### Activity
Leave out any picture and return the remaining listing below exactly as given.

### Provided data
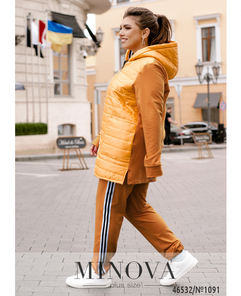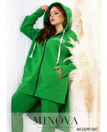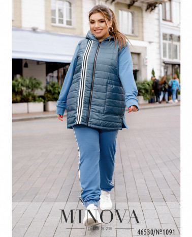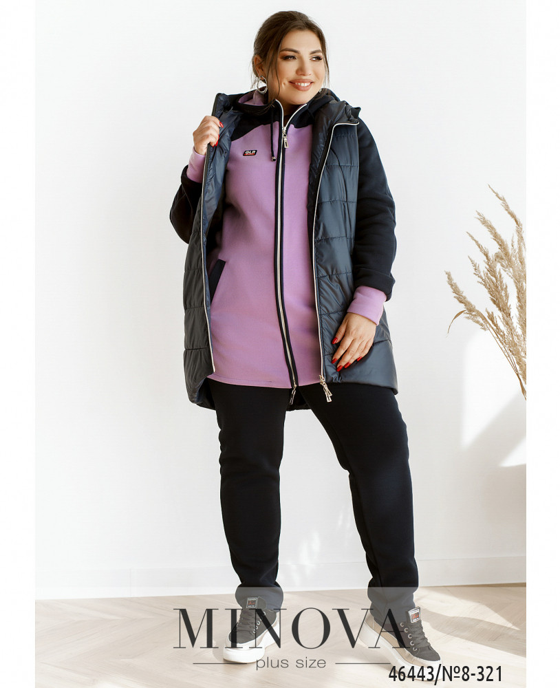 Теплий і комфортний костюм-трійку можна носити разом або розділити, створюючи різні образи з іншими речами. У комплект входять стильний жилет на блискавці з капюшоном і кишенями, м'яка кофта на змійці, доповнена капюшоном кишенями і рукавами "реглан", а також штани з вшитою в пояс резинкою і кишенями в бічних швах.
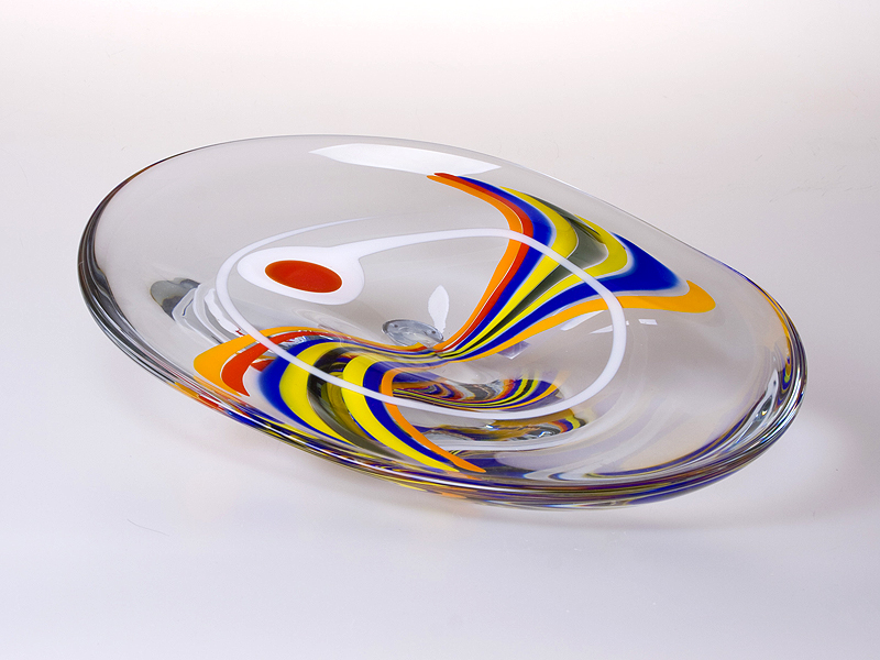 Hutne zdobena ovalna misa. Ceske sklo, rucne nabirane a tvarovane.
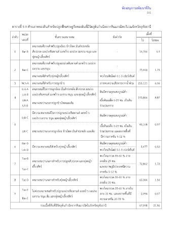 ตารางที่ 5-9 ศักยภาพของดินสําหรับปลูกพืชเศรษฐกิจของดินที่มีวัตถุต้นกําเนิดจากหินแกรนิตบริเวณจังหวัดอุทัยธานี
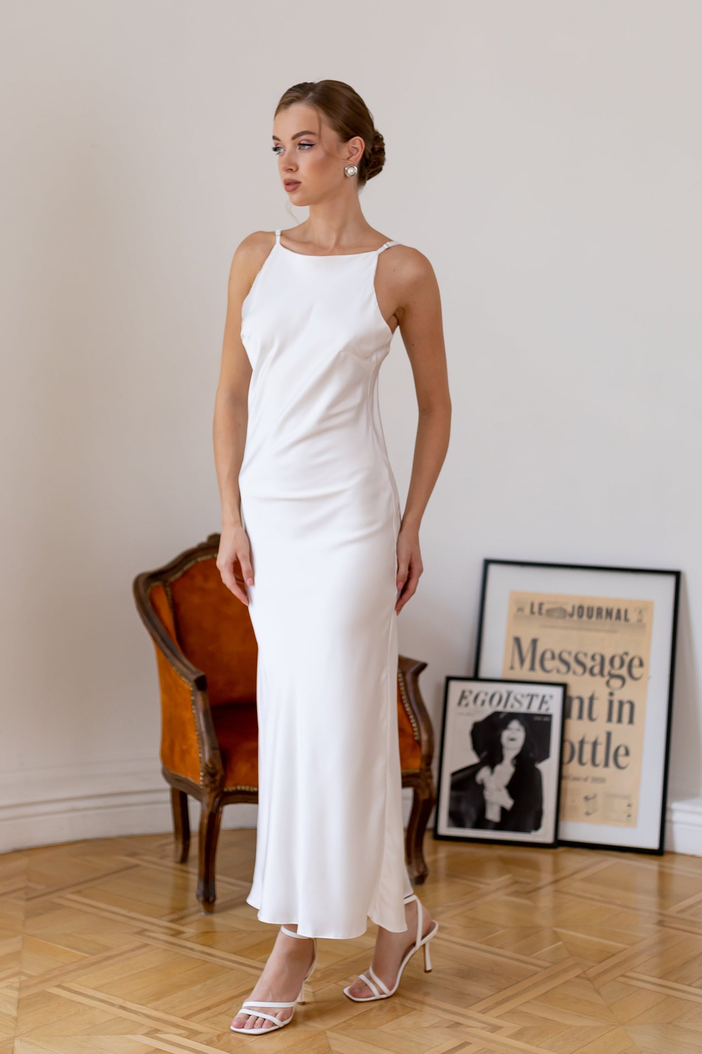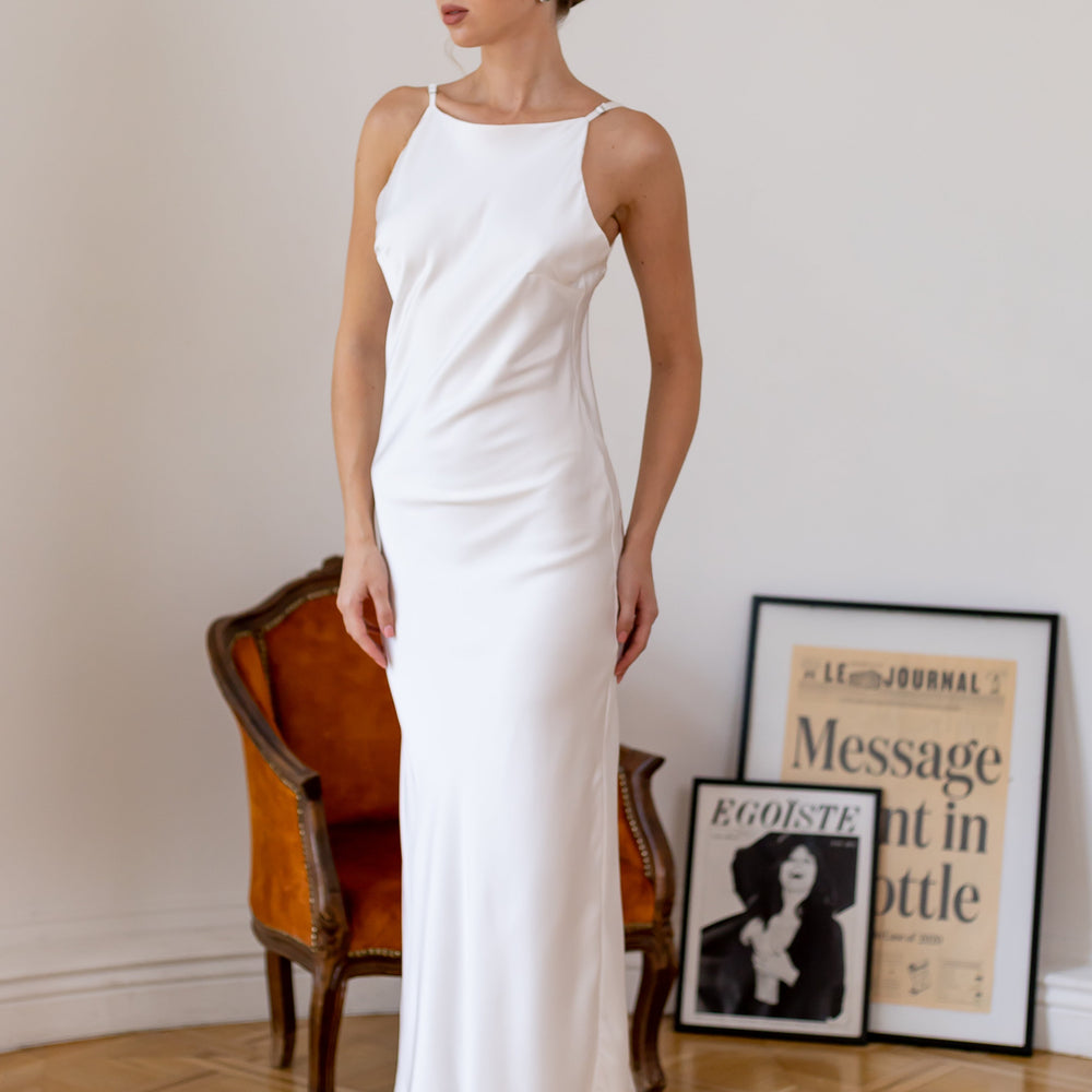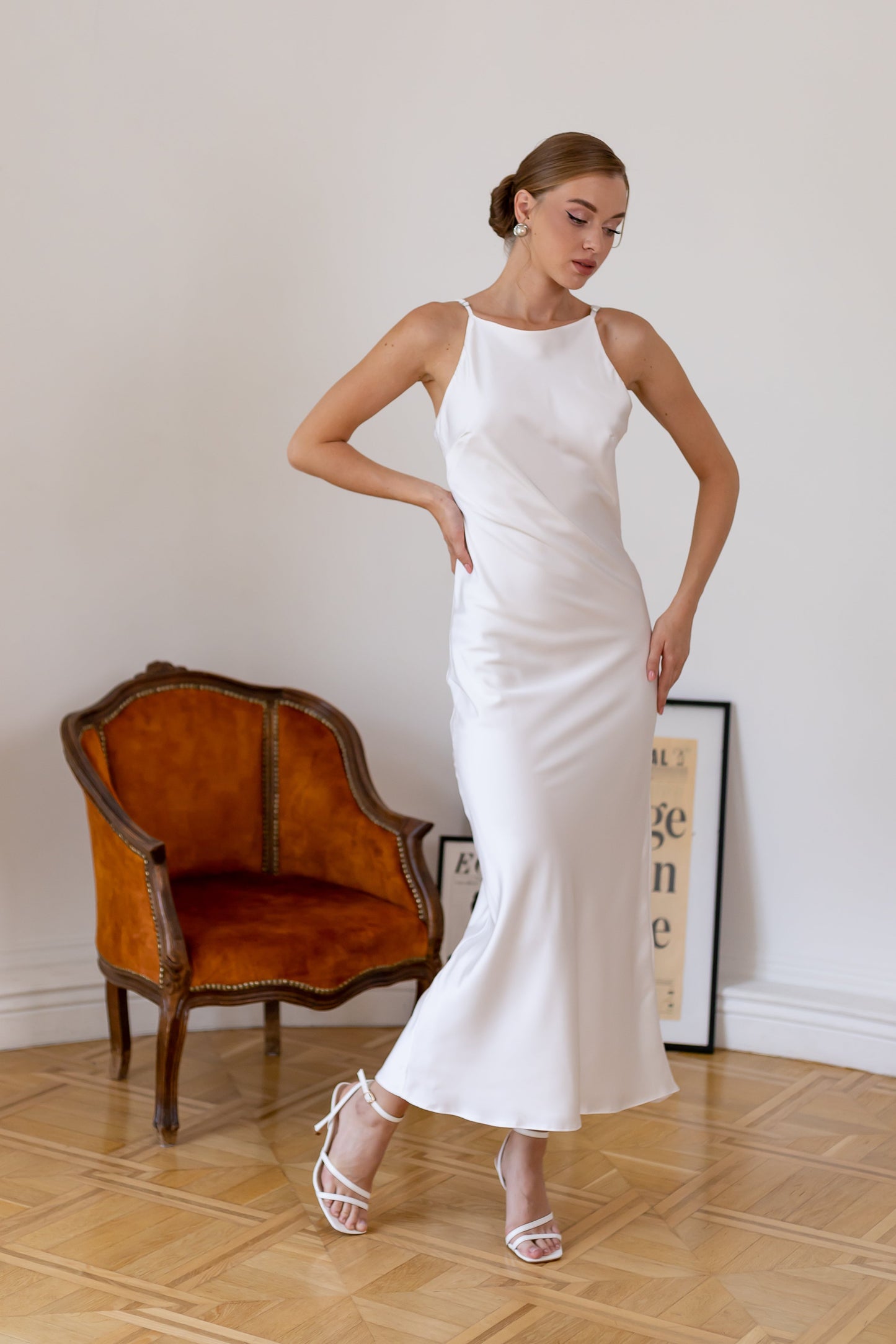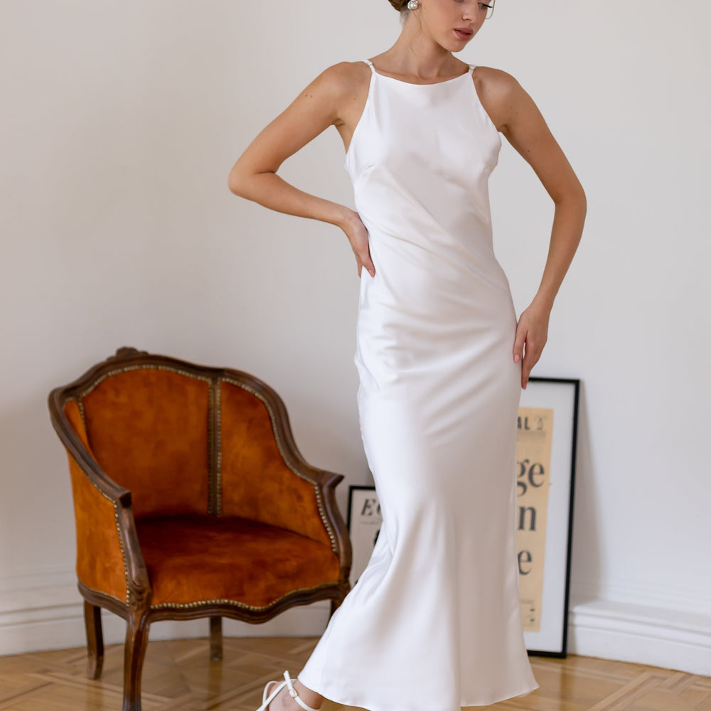 The open back dress detail adds a touch of unexpected drama to this silk gown, revealing just the right amount of skin to create a memorable impression. Whether it's for a romantic beach wedding or a grand ballroom affair, this ivory silk dress is sure to make any bride feel like a timeless beauty on her special day
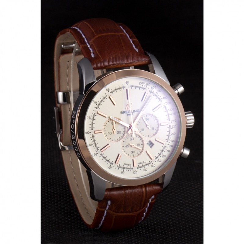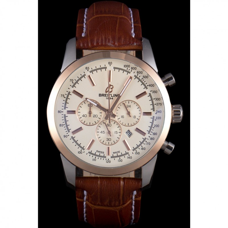 Breitling Transocean esfera blanca de cuero marrón claro correa de oro rosa Bisel
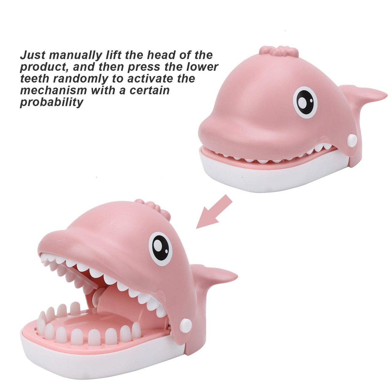遊びも操作も簡単:おもちゃの頭を持ち上げて下の歯を押すだけで、噛みつき機構が作動します。一定の確率でおもちゃが動作し、ゲームに驚きの要素を加えます。
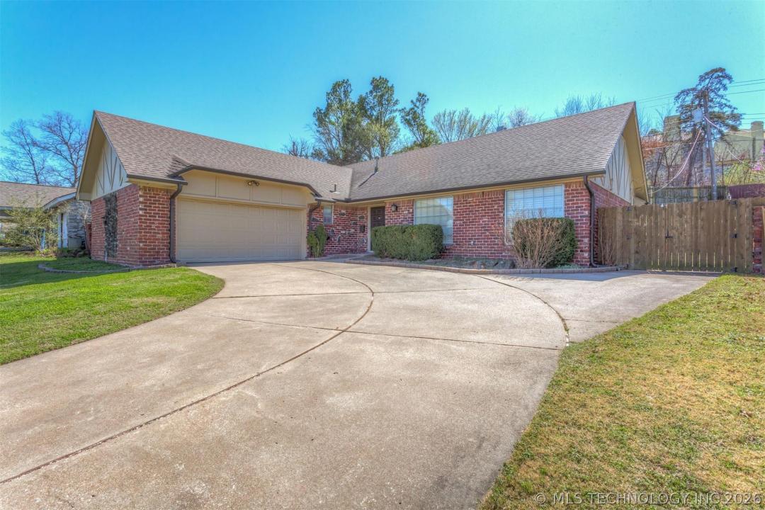 Full brick ranch in a prime central Tulsa location near LaFortune Park, Saint Francis Hospital, and convenient shopping and dining. This 3 bedroom, 2 bathroom home with a 2 car garage features an open concept floor plan filled with character and thoughtful details throughout. The living and dining areas showcase wood beam ceilings, built ins, a cozy fireplace with gas logs, and a wet bar with wine fridge and built in cabinetry that makes the space great for entertaining. The kitchen offers granite countertops, wood beam accents, a timeless brick inset that adds warmth and character, along with a newer cooktop (2023) and dishwasher (2025). All hard surface flooring throughout including updated plank flooring provides both style and durability. A dining nook with a built in bench seat offers comfortable everyday dining while still allowing room for a formal dining area if desired. The primary suite includes a private door leading directly to the backyard. Outside, the secluded backyard feels like a retreat with an incredible terraced yard featuring a striking natural stone retaining wall installed in 2024, along with a pergola with lighting and a dedicated putting green area. Additional features include gutters and a layout that blends comfort, character, and functionality in a highly convenient Tulsa location.
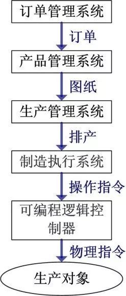 當用戶在訂單管理系統(tǒng)(或CRM系統(tǒng))里面下了一個批次的產(chǎn)品訂單-->產(chǎn)品管理/設(shè)計系統(tǒng)(例如PDM系統(tǒng)-Product Data Management,產(chǎn)品數(shù)據(jù)管理)便會交出產(chǎn)品圖紙和其他生產(chǎn)信息-->生產(chǎn)管理系統(tǒng)(例如ERP系統(tǒng)、APS系統(tǒng))根據(jù)產(chǎn)品信息著手協(xié)調(diào)資源、計劃生產(chǎn)-->MES(Manufacturing Execution System,制造執(zhí)行系統(tǒng))則根據(jù)排產(chǎn)計劃通過PLC模塊(Programmable Logic Controller,可編程邏輯控制器)控制車間內(nèi)的設(shè)備進行生產(chǎn)制造。從制造流程中可以看出,從獲得訂單到制造產(chǎn)品,需要企業(yè)內(nèi)的所有系統(tǒng)實現(xiàn)“縱向集成”。
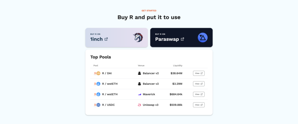 The Redemption feature allows users to exchange R tokens for wstETH (wrapped stETH) at a value equivalent to 1 USD. Notably, when R tokens are redeemed, they are subsequently burned, effectively reducing the circulating supply and contributing to an increase in the price of R. This ensures that even if the price of R falls below the $1 mark, users have the opportunity to redeem their tokens and help stabilize the value.
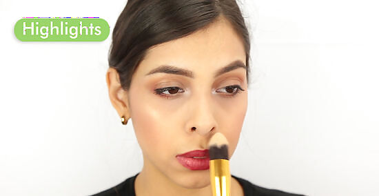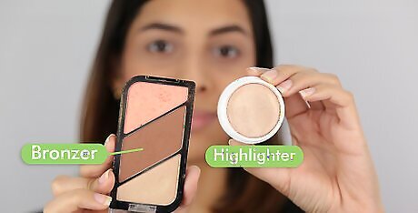 Add highlights. Apply your highlighter under your eyes and down the bridge of your nose to brighten those areas. This will make the contoured and bronzed area of your face stand out more in contrast to the highlights – dark colors recede and light colors “pop.” If you chose to use cream contour and bronzer, you will need to set the makeup with a setting powder to keep the cream long-lasting and from smearing too easily.
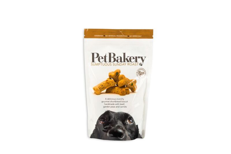 The Pet Bakery Sumptuous Sunday Roast Bones are a delicious crunchy gourmet shortbread biscuit made with beef, garden peas and carrots.

### Solution to this exercise
 Теплий і комфортний костюм-трійку можна носити разом або розділити, створюючи різні образи з іншими речами. У комплект входять стильний жилет на блискавці з капюшоном і кишенями, м'яка кофта на змійці, доповнена капюшоном кишенями і рукавами "реглан", а також штани з вшитою в пояс резинкою і кишенями в бічних швах.
 Hutne zdobena ovalna misa. Ceske sklo, rucne nabirane a tvarovane.
 ตารางที่ 5-9 ศักยภาพของดินสําหรับปลูกพืชเศรษฐกิจของดินที่มีวัตถุต้นกําเนิดจากหินแกรนิตบริเวณจังหวัดอุทัยธานี
 The open back dress detail adds a touch of unexpected drama to this silk gown, revealing just the right amount of skin to create a memorable impression. Whether it's for a romantic beach wedding or a grand ballroom affair, this ivory silk dress is sure to make any bride feel like a timeless beauty on her special day
 Breitling Transocean esfera blanca de cuero marrón claro correa de oro rosa Bisel
遊びも操作も簡単:おもちゃの頭を持ち上げて下の歯を押すだけで、噛みつき機構が作動します。一定の確率でおもちゃが動作し、ゲームに驚きの要素を加えます。
 Full brick ranch in a prime central Tulsa location near LaFortune Park, Saint Francis Hospital, and convenient shopping and dining. This 3 bedroom, 2 bathroom home with a 2 car garage features an open concept floor plan filled with character and thoughtful details throughout. The living and dining areas showcase wood beam ceilings, built ins, a cozy fireplace with gas logs, and a wet bar with wine fridge and built in cabinetry that makes the space great for entertaining. The kitchen offers granite countertops, wood beam accents, a timeless brick inset that adds warmth and character, along with a newer cooktop (2023) and dishwasher (2025). All hard surface flooring throughout including updated plank flooring provides both style and durability. A dining nook with a built in bench seat offers comfortable everyday dining while still allowing room for a formal dining area if desired. The primary suite includes a private door leading directly to the backyard. Outside, the secluded backyard feels like a retreat with an incredible terraced yard featuring a striking natural stone retaining wall installed in 2024, along with a pergola with lighting and a dedicated putting green area. Additional features include gutters and a layout that blends comfort, character, and functionality in a highly convenient Tulsa location.
 當用戶在訂單管理系統(tǒng)(或CRM系統(tǒng))里面下了一個批次的產(chǎn)品訂單-->產(chǎn)品管理/設(shè)計系統(tǒng)(例如PDM系統(tǒng)-Product Data Management,產(chǎn)品數(shù)據(jù)管理)便會交出產(chǎn)品圖紙和其他生產(chǎn)信息-->生產(chǎn)管理系統(tǒng)(例如ERP系統(tǒng)、APS系統(tǒng))根據(jù)產(chǎn)品信息著手協(xié)調(diào)資源、計劃生產(chǎn)-->MES(Manufacturing Execution System,制造執(zhí)行系統(tǒng))則根據(jù)排產(chǎn)計劃通過PLC模塊(Programmable Logic Controller,可編程邏輯控制器)控制車間內(nèi)的設(shè)備進行生產(chǎn)制造。從制造流程中可以看出,從獲得訂單到制造產(chǎn)品,需要企業(yè)內(nèi)的所有系統(tǒng)實現(xiàn)“縱向集成”。
 The Redemption feature allows users to exchange R tokens for wstETH (wrapped stETH) at a value equivalent to 1 USD. Notably, when R tokens are redeemed, they are subsequently burned, effectively reducing the circulating supply and contributing to an increase in the price of R. This ensures that even if the price of R falls below the $1 mark, users have the opportunity to redeem their tokens and help stabilize the value.
 Add highlights. Apply your highlighter under your eyes and down the bridge of your nose to brighten those areas. This will make the contoured and bronzed area of your face stand out more in contrast to the highlights – dark colors recede and light colors “pop.” If you chose to use cream contour and bronzer, you will need to set the makeup with a setting powder to keep the cream long-lasting and from smearing too easily.
 The Pet Bakery Sumptuous Sunday Roast Bones are a delicious crunchy gourmet shortbread biscuit made with beef, garden peas and carrots.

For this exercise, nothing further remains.